Problem to work on » In the entries below, find the line with "В этом проекте" and the line with "Η νέα εταιρική"; give again those lines and every line between them, exactly.

Data shown »
++++++

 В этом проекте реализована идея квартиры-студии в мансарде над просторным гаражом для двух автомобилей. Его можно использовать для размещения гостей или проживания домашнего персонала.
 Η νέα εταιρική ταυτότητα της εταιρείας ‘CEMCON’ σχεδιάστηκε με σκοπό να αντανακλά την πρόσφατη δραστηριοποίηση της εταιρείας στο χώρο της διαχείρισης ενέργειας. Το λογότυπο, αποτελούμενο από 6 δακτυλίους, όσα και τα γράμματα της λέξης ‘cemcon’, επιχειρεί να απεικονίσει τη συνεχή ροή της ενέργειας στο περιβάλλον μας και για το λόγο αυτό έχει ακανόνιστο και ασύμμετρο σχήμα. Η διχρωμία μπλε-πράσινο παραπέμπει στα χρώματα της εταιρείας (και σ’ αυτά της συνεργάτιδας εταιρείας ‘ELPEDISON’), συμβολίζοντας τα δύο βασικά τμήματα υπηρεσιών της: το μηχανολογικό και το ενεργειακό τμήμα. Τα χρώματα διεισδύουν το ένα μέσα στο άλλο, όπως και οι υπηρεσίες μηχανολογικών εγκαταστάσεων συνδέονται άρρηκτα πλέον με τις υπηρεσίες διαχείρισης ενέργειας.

++++++

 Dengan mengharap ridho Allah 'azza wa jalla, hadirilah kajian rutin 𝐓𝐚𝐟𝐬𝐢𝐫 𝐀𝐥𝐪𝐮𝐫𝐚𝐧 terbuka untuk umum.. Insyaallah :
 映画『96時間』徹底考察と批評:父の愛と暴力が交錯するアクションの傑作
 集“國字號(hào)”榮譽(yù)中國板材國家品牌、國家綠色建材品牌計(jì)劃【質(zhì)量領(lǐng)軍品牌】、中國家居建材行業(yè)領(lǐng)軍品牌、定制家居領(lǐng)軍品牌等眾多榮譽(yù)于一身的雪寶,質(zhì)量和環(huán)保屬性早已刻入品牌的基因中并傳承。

++++++

Answer for this exercise »
 В этом проекте реализована идея квартиры-студии в мансарде над просторным гаражом для двух автомобилей. Его можно использовать для размещения гостей или проживания домашнего персонала.
 Η νέα εταιρική ταυτότητα της εταιρείας ‘CEMCON’ σχεδιάστηκε με σκοπό να αντανακλά την πρόσφατη δραστηριοποίηση της εταιρείας στο χώρο της διαχείρισης ενέργειας. Το λογότυπο, αποτελούμενο από 6 δακτυλίους, όσα και τα γράμματα της λέξης ‘cemcon’, επιχειρεί να απεικονίσει τη συνεχή ροή της ενέργειας στο περιβάλλον μας και για το λόγο αυτό έχει ακανόνιστο και ασύμμετρο σχήμα. Η διχρωμία μπλε-πράσινο παραπέμπει στα χρώματα της εταιρείας (και σ’ αυτά της συνεργάτιδας εταιρείας ‘ELPEDISON’), συμβολίζοντας τα δύο βασικά τμήματα υπηρεσιών της: το μηχανολογικό και το ενεργειακό τμήμα. Τα χρώματα διεισδύουν το ένα μέσα στο άλλο, όπως και οι υπηρεσίες μηχανολογικών εγκαταστάσεων συνδέονται άρρηκτα πλέον με τις υπηρεσίες διαχείρισης ενέργειας.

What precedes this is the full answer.